I recently needed to tackle a small but tricky DIY project in my kitchen. I have fairly low DIY skills, so I needed a way to be sure it would work before I made a mess that might be expensive to fix.
As I’m reading “SPRINT” (a guide to Agile design) I decided prototyping might help.
Agile and the SPRINT method is all about delivering a small product early on, so you can test and get feedback.
Here’s how it improved my DIY activity:
1) Research for potential solutions
YouTube has plenty of DIY videos, so I spent an hour watching other people making mistakes and saying what worked best for them. It’s good to learn fast from experts and seeing their ‘test and learn’ experiences. I identified a possible solution.
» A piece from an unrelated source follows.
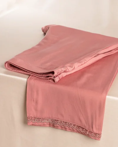 Product Description: Luxury Double Silk Regular Fit Bottom has wide hem details, has hemline lace details, has side zipper with hook details, has front waist band & back side has elastic.

2) Test away from the ‘live’ kitchen
I set up a test of what I wanted to achieve in the garage (away from the live and unforgiving arena of the kitchen).
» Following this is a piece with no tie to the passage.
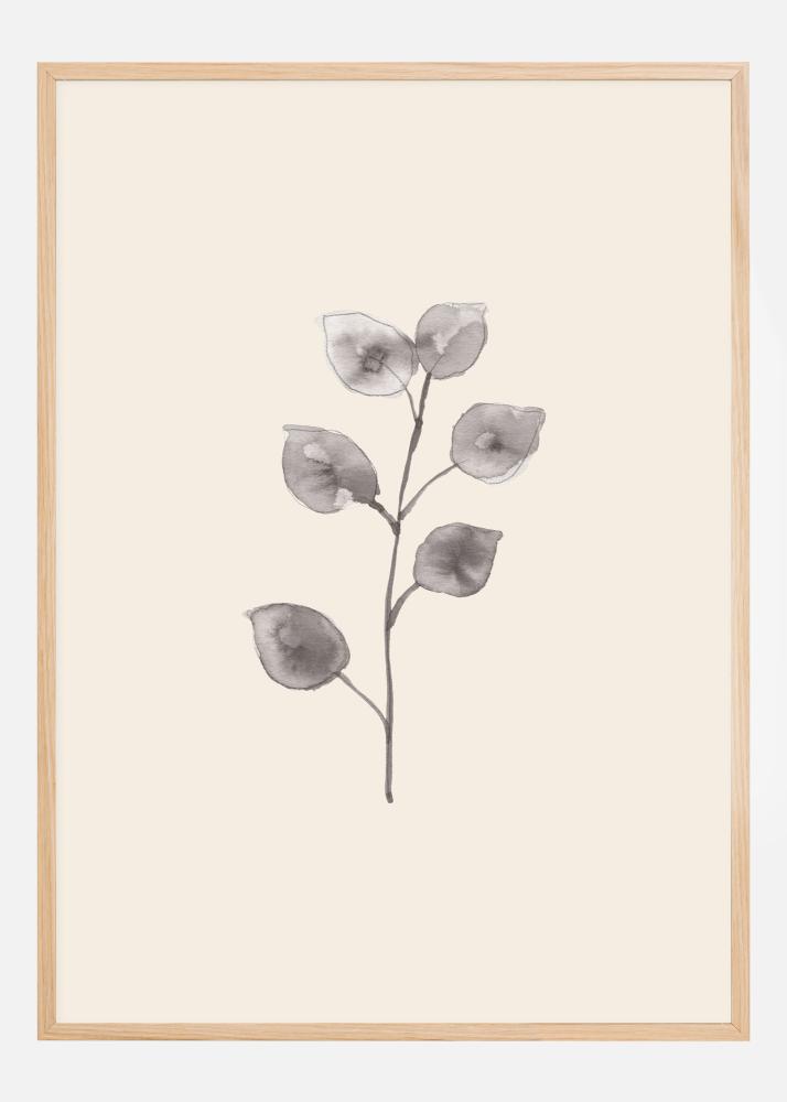 An elegant poster of a simple painting of a branch of eucalyptus. The leaves are done in a watercolour style so that they are soft, the edges almost blurred. In a simple grey, the leaves stand out from the white background. Add this on a green wall for a touch of colour.

The test failed. That’s good. That’s why you test stuff. I also learned from doing the test and become a little more proficient in the process. Testing costs more (time, materials, effort) but saves on kitchen damage and that keeps kitchen users happy.
Back to research – let’s try another option, I ordered some more parts. Try again, repeat in test. This time – success!
3) User sign off
Although garage test 2 seemed successful, I took the time to explain and show it to my partner/ fellow kitchen user.
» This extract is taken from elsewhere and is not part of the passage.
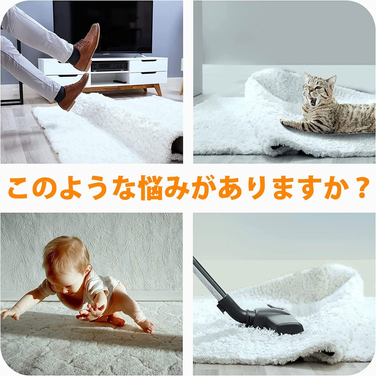 【繰り返し利用でき/床に傷つけない】ゆかの側は水で洗うと粘性が回復し、付いても濡れた布で拭き取ったり、カーペットに貼ったまま水で洗ったりすることができます。自然に乾燥させてから、吸着性も落ない、繰り返して利用できます。剥がす時にノリが残らず、床に傷つける心配がなく、賃貸にお住まいの方でも安心してご使用いただけます。ラグの側の両面テープはメッシュ加固で従来品より粘着力がもっと強くなります。

The test became a small demo. Here’s how it will probably work. Does this work for you? It was well recieved. Now we had technical and user sign off! 😊
4) Launch (on production)
In the digital world, a frequent criticism is that Test doesn’t match Production.
It turns out the same is true of DIY, the safety of working on the garage workbench is not identical to the challeges of assembly on a wall over a kitchen sink. However after some tricky maneuvers (things take longer in Production and is never as simple as an artificial test area) the solution did go live.
5) User sign off in Production
Its hard to roll back a physical fixing in your kitchen, compared to a web page so in some ways there is no ‘rollback’ for DIY.
To prevent downtime I did a parallel run, obtained sign and then dismantled the previous solution.
6) What did I learn?
Although this was quite a small project, having a test environment removed the sheer inconvenience of failing in production. It also allowed for skilling up and gaining enough experience to get the project over the line.
It took longer, and this was pointed out by the user 🙂 but it delivered a cleaner result and improved final live sign-off.
I’ll definately use an agile / test based approach to other activities. Maybe there is a gap in the market for a DIY design sprint at your local hardware store.